Well, maybe I like spelling "Thanks" "Thankx".. I meant to spell it "Thanx", as a common thing to say thank you in America.

Another example:
In a letter, or email from a girl, they commonly spell "Tonight" "Tonite". It is not an error, more of a slang, "cutsie" term.


----------



## Txiri

Nixor, the forum is for people of all levels of the languages in question, and the reason it is frowned upon to use "email speak" or "chatspeak", is that learners of YOUR language may get confused at your "cutsie" approach to English.  It isn´t fair to them.

You wouldn´t want your answer to come back at you in an incomprehensible Italian that you wouldn´t understand, would you?  Be fair to others.


----------



## Jana337

> Except as a topic of discussion, chatspeak and SMS style are not acceptable. Members must do their best to write using standard language forms.


Thanks, Txiri. 
Nixor, correct spelling is not optional in this forum. Please respect our rules next time. 

Jana


----------



## galsouth

Hello, I am having a garden plaque made for my mother's birthday and would appreciate help with the correct spelling & grammar.

I think it should read: "Benvenuto a mio giardino".  However, since it is my mother's garden, should it read: "Benvenuto a mia giardino"?

Thanks for your guidance!

galsouth


----------



## brian

Ciao galsouth,

Don't quote me on this yet since it's for a plaque and I'm not a native, BUT I think you should use the article "il" (which forces "a" + "il" = "al").  Also, I don't know if the singular or the plural of _benvenuto_ is more common in things like this.  I assume you're welcoming everyone though, so how about:

_Benvenuti al mio giardino._

Let's await some native opinions though.

And welcome to WR! 


Brian


P.S. The form of _mio/mia_ is strictly dependent upon the noun it modifies, in this case _giardino_, and NOT the person to whom _mio_ refers.


----------



## lsp

> _Benvenuti al mio giardino._


I'm not a native, but I'm pretty comfortable agreeing with this, Brian!
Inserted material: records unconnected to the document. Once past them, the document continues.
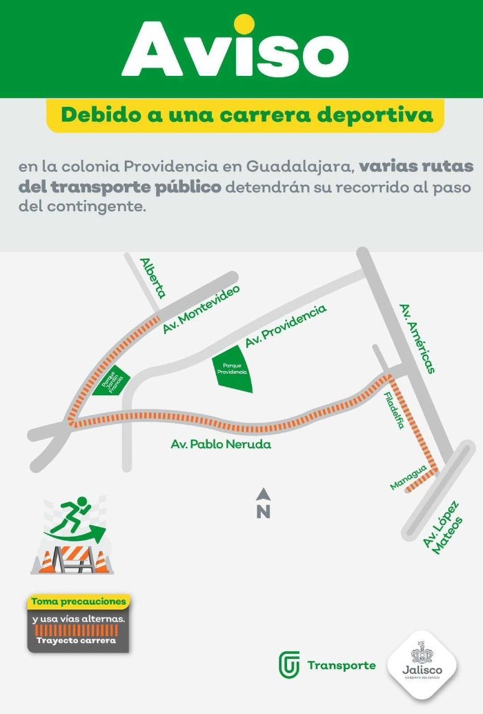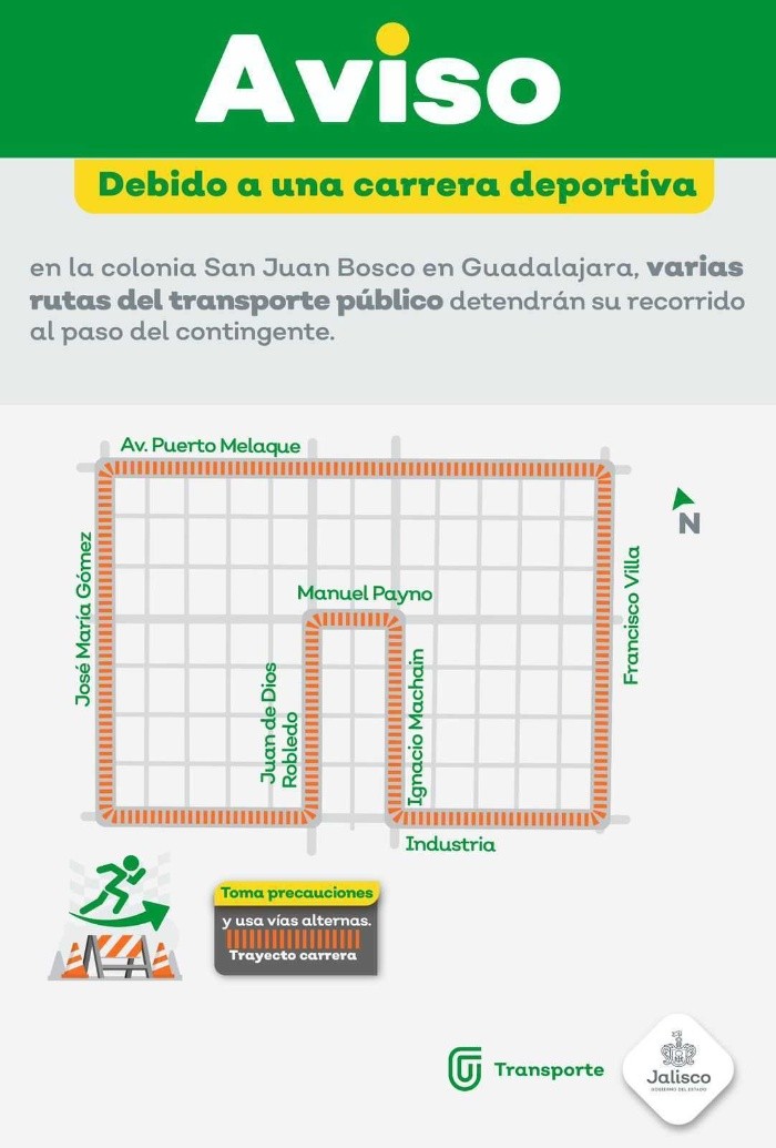 Debido a tres carreras deportivas a realizarse en Guadalajara, varias rutas del transporte público detendrán su recorrido a partir de las 07:00 horas de mañana domingo 10 de septiembre, en los que pasa el contingente de corredores. Los eventos serán en las Colonias San Juan Bosco, Vallarta Poniente y Providencia.Para que te prepares y tomes tus precauciones, te compartimos el reporte del Gobierno estatal acerca de los cambios:En la colonia San Juan Bosco el contingente de corredores saldrá de la calle Industria, a un costado de la parroquia de la zona, en dirección hacia el poniente y dará vuelta a la derecha en la calle José María Gómez; continuará hasta llegar a la avenida Puerto Melaque donde girará a la derecha y al llegar a la calle Francisco Villa dará vuelta a la derecha para continuar en dirección al sur y llegar nuevamente a la calle Industria; girará a la derecha hasta Ignacio Machain, después tomará la calle Manuel Payno hacia el poniente y al llegar a Juan de Dios Robledo girará a la izquierda y seguirá hasta la calle Industria en donde darán vuelta hasta encontrarse con la meta.Las rutas C22 y Sitren L3 (trolebús) se detendrán en la calle Industria, de Francisco Villa a José María Gómez, en sentido de oriente a poniente.En av. Puerto Melaque, de José María Gómez a Francisco Villa, en sentido de poniente a oriente, lo harán las rutas C07, C22 y C71, mientras que las rutas C08, C69, T18 López Mateos y T18 Terranova, se detendrán en Juan de Dios Robledo, de Manuel Payno a Industria en sentido de norte a sur.La carrera en la colonia Vallarta Poniente tendrá como salida y meta un punto frente a la Gran Plaza, sobre avenida Vallarta.Los participantes en esta competencia partirán de la lateral de avenida Vallarta hacia el oriente y se retornarán en la calle Isabel La Católica por la misma avenida Vallarta en dirección al poniente y al llegar a Juan Palomar y Arias darán vuelta a la derecha hasta la calle Leónidas, donde se regresarán por la misma vía para dar nuevamente vuelta a la derecha en avenida Vallarta para seguir hasta la avenida Niño Obrero y ahí girarán hacia el sur hasta la avenida Lázaro Cárdenas, luego se retornarán por la misma en dirección a la avenida Vallarta, para nuevamente girar a la derecha hasta llegar a la meta.Las rutas que detendrán su recorrido de forma momentánea en la avenida Ignacio L. Vallarta, de av. Niño Obrero hacia Isabel La Católica en ambos sentidos, serán las C70 Las Águilas, C109, C110 dos vías, 710 Parques-Palermo y Sitren L1.Para esta carrera en la colonia Providencia el punto de salida y meta será la calle Managua, desde donde el contingente de corredores se dirigirá hacia el oriente, en el sentido de la circulación vehicular, dará vuelta a la izquierda por la calle Filadelfia hasta av. Pablo Neruda y luego de circular por ésta, dará vuelta a la izquierda y continuará por Avenida Montevideo hasta la calle Alberta, donde dará vuelta en “u” para regresar por av. Montevideo hacia el poniente, seguirán por ésta última hasta la av. Pablo Neruda en donde seguirá y en la calle Filadelfia dará vuelta a la derecha para luego retomar la calle Managua hasta encontrarse con la meta.Las rutas que detendrán su recorrido de forma momentánea en Avenida Pablo Neruda, de Filadelfia hacia Avenida Montevideo en ambos sentidos, son la C54, C64, C65 y T08-C01."La Secretaría de Transporte agradece la comprensión e invita a las y los usuarios a planificar con antelación sus traslados, en caso de que usen las rutas mencionadas", agregó.OF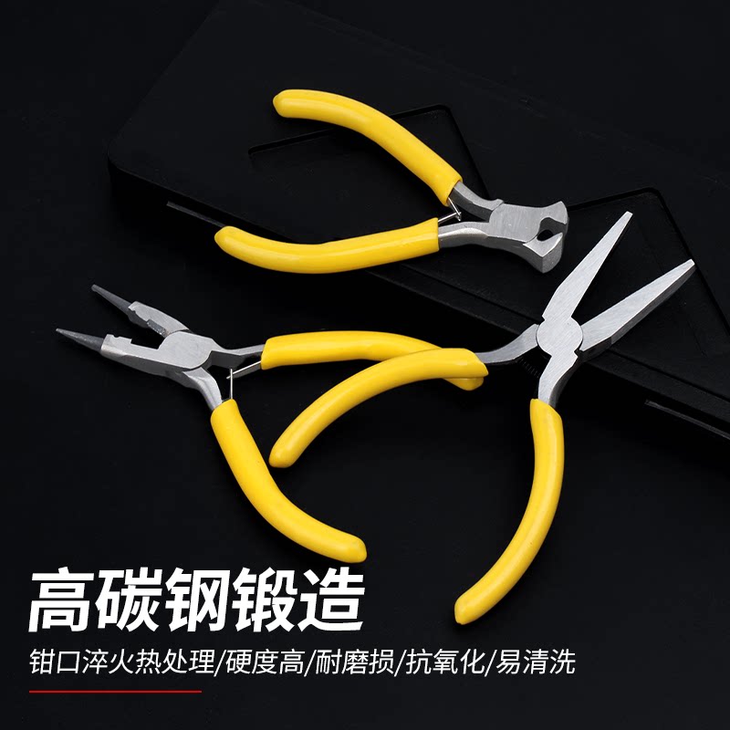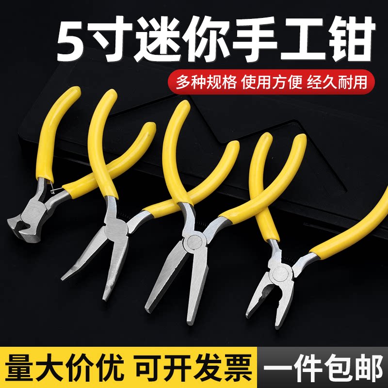 天猫尖嘴钳迷你钳子5寸电工剥线老虎钳手工DIY多功能钢丝钳弯嘴珠宝钳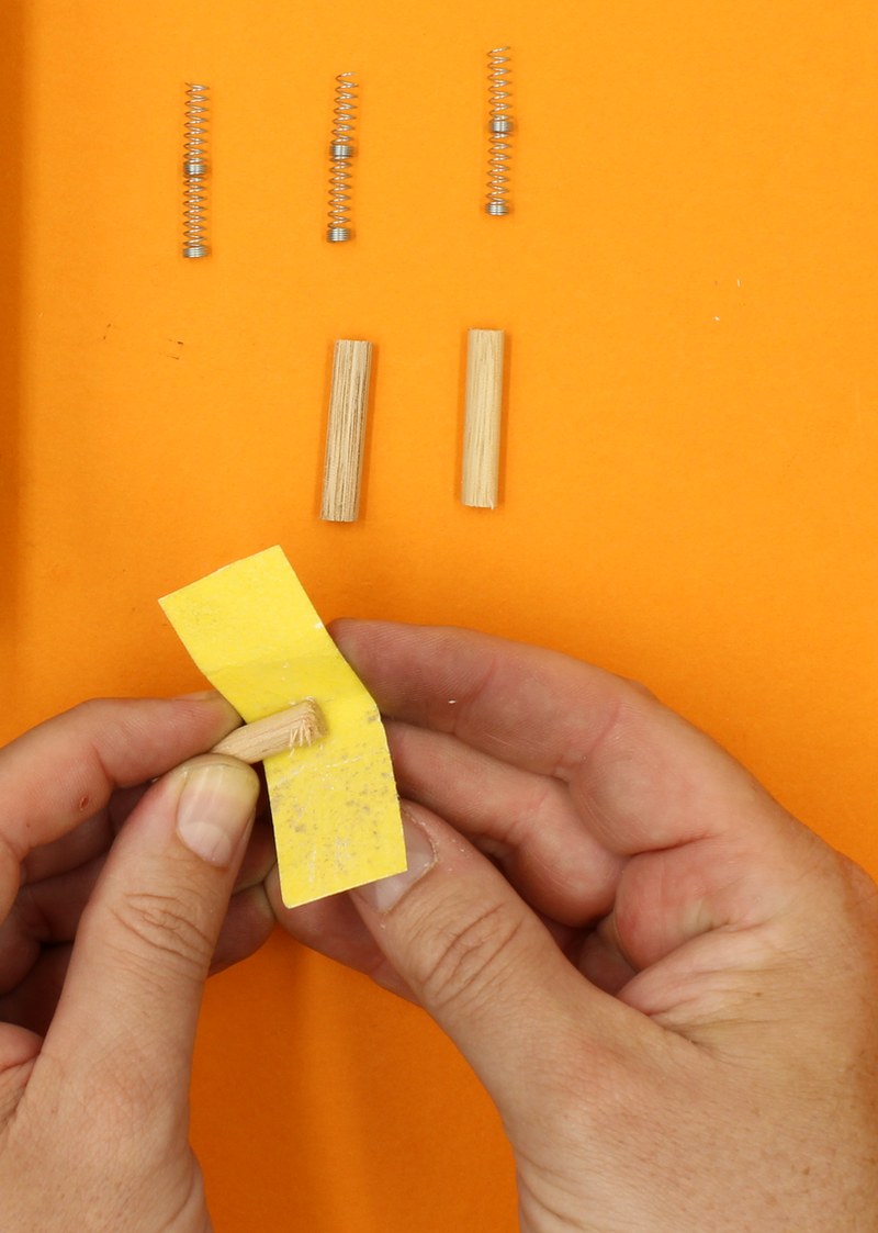 First deburr the set pins using the piece of sandpaper to ensure that they move freely in their chambers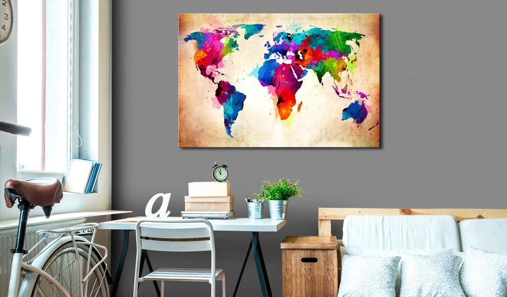 Afbeelding op kurk “Afbeelding op kurk – Colourful Ranger [Cork Map]” is veel lichter dan traditionele wanddecoratie. Zo kunnen prikborden worden opgehangen op iedere willekeurige plaats thuis of op kantoor. Het bedrukte doek wordt aangebracht op de kurkplaat. Zo krijgt de print duidelijke kleuren en geeft het de kleinste details weer. Prik er punaises of notities in en creëer zo je individuele ontwerp op de muur!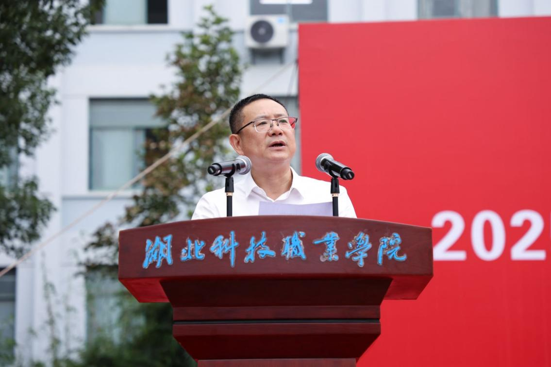 新生代表艺术创意学院2025级广告艺术设计专业柯宇麒同学发言。她感言湖科是“职业落地、梦想扎根的沃土”,并与同学们约定:以终身学习深耕专业、以主动成长突破自我、以身心健康永葆活力,用奋斗书写青春,共绘湖科新篇章!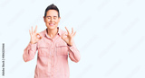 Young woman with short hair wearing casual clothes relaxed and smiling with eyes closed doing meditation gesture with fingers. yoga concept.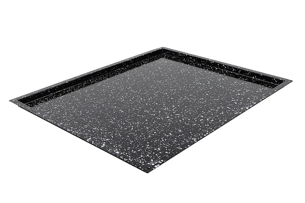 Backblech, aus 1,5 mm starkem Aluminiumblech, ungebeizt, aus einem Stück gezogen, Ränder 90° mit geschlossenen Ecken, nicht spülmaschinengeeignet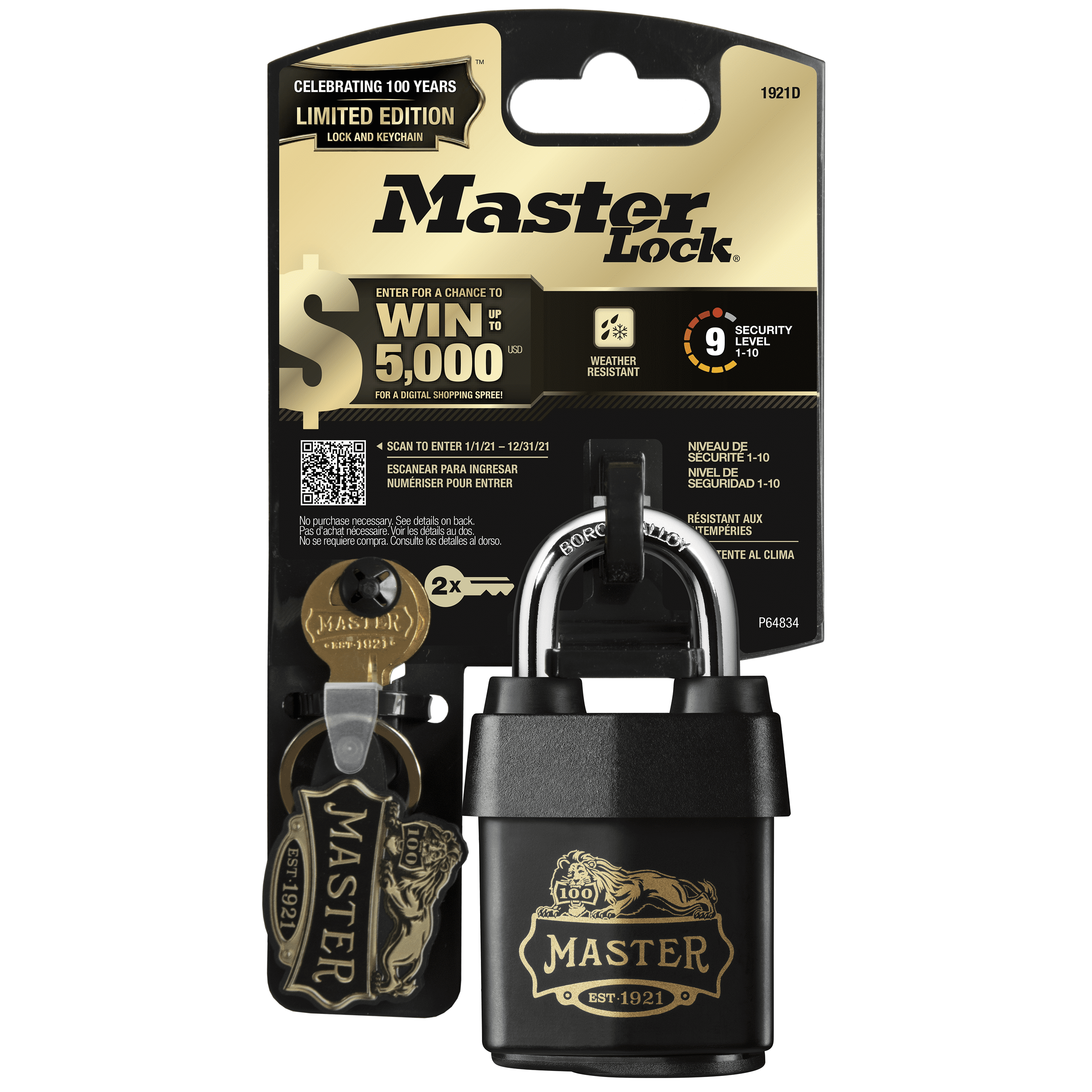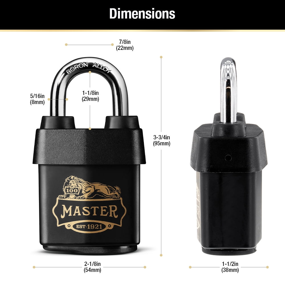 Celebrate 100 years of security with the Master Lock 1921D Heavy Duty Outdoor Padlock with Key. This limited edition padlock features the original Master Lock logo, limited edition keys, & a special key chain. A 2-1/8in (54mm) wide reinforced laminated steel body for maximum strength and reliability. The 5/16in (8mm) diameter shackle is 1-1/8in (29mm) long and made of hardened boron alloy, offering maximum resistance to cutting and sawing. A weatherproof lock body and keyway cover is designed to add protection against moisture, dirt and grime. The 4-pin cylinder prevents picking and the dual ball bearing locking provide maximum resistance against prying and hammering. The Limited Lifetime Warranty provides peace of mind from a brand you know and can trust.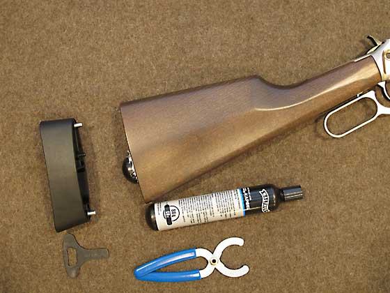 Zračna verzija Winchester Lever Action puške koristi 88 gramsku CO2 ampula koja se umeće u kundak puške.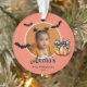 Das erste Halloween-Kürbisbats-Foto des Babys - Glasschmuck. Der Name eines Babys in einem modischen Skript, orangefarbene Kürbis und schwarze Fledermäuse. Personalisieren Sie das Ornament mit dem Foto, dem Namen und dem Jahr Ihres Babys. Ein schöner Halloween-Feiertag.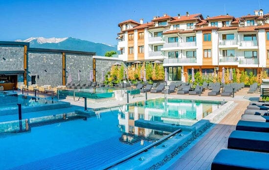 Lokacija: Grand Hotel Bansko 5* je jedan od najboljih, najpoznatijih i najtraženijih hotela u Banskom. Odlikuju ga dobar smeštaj, neverovatno raznovrsna hrana u restoranu, kao i vrhunski spa centar na preko 2000 m2 sa kompleksom otvorenih i zatvorenih bazena sa termo-mineralnom vodom 36 stepeni !!! Lociran je na samom ulasku u Bansko i udaljen je oko 1,5 km od gondole i svega 7 minuta hoda od starog centra Banskog. Od sezone 2026. hotel će imati kategoriju 5 *.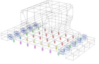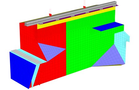 I fissaggi dei binari del tipo regolabile BHP da 86 kg sono stati modellati con elementi brick solidi a 8 nodi per determinare correttamente il modo di trasferimento del carico dalle ruote alla trave. Il fissaggio Fabreeka SA47 ed il pattino di gomma vulcanizzata sono stati modellati con elementi a molla elicoidale (coil spring). Anche le zone di contatto sono state modellate mediante elementi spring.

And welcome to WR, galsouth


----------



## BURRITO

Hi!
Io direi "Benvenuti NEL mio giardino"


----------



## giovist

Esatto! In italiano si dice: "Benvenuti nel mio giardino!"


----------



## chelle

how do you say this in italian?


----------



## claudine2006

Benvenuti al mio sito internet!


----------



## TrentinaNE

Generically:_ Benvenuto al mio sito web_.

If you are specifically addressing a female, then use _benvenuta_.  For multiple people, _benvenuti _(all male or mixed group), _benvenute_ (all female).

Welcome to WRF!

Elisabetta


----------



## smiling

io direi benvenuti NEL piu che AL


----------



## cartaplus

Korena said:


> Ciao!
> 
> I would like to know how to say "Welcome to English class," in Italian. My try is:
> 
> _Benvenuti in la classe l'inglese!_
> But I'm not sure whether or not to use _benvenuti _or _benvenuto_. I'm also not good at sentence structure...  So if anyone could help, that would be great!
> 
> -Grazie, Korena


 
Benvenuti alla lezione di inglese! that s the way we say it!


----------



## fallendarling

Hello,

Will this translate to "Welcome to XXXXX, Sue!"
(XXXXX = the name of the game, where Sue is a new player)

Benvenuto a XXXXX, Sue!

I am trying to welcome Sue to an online "MUD" which is simply an online roleplaying game.

Any help will be appreciated.

I hope I phrased this question the right way and gave enough information.
Thanks for your assistance.
Carolyn


----------



## Paulfromitaly

Benvenut*a* a XXXXX, Sue! (Sue is a girl).


----------



## eyeswideopen

Since XXXX is a roleplaying game and not a place, I would go for
Benvenuta in XXXX, Sue!
or
Benvenuta su XXXX, Sue!
(For example, in Italian we use to say 
"sei su Internet" or "sei in Internet" but not "sei a Internet")
 Cecilia


----------



## Paulfromitaly

eyeswideopen said:


> Since XXXX is a roleplaying game and not a place, I would go for
> Benvenuta in XXXX, Sue!
> Cecilia


Yes, you're right.


----------



## msdg19

Hello. We are making a sign for an event and would like to say "Welcome to Italy" in Italian. How would you say that? Thank you.


----------



## Benzene

Hi msdg19!

"*Welcome to Italy*" = "*Benvenuti in Italia*" 

Bye,

Benzene


----------



## msdg19

Thank you.


----------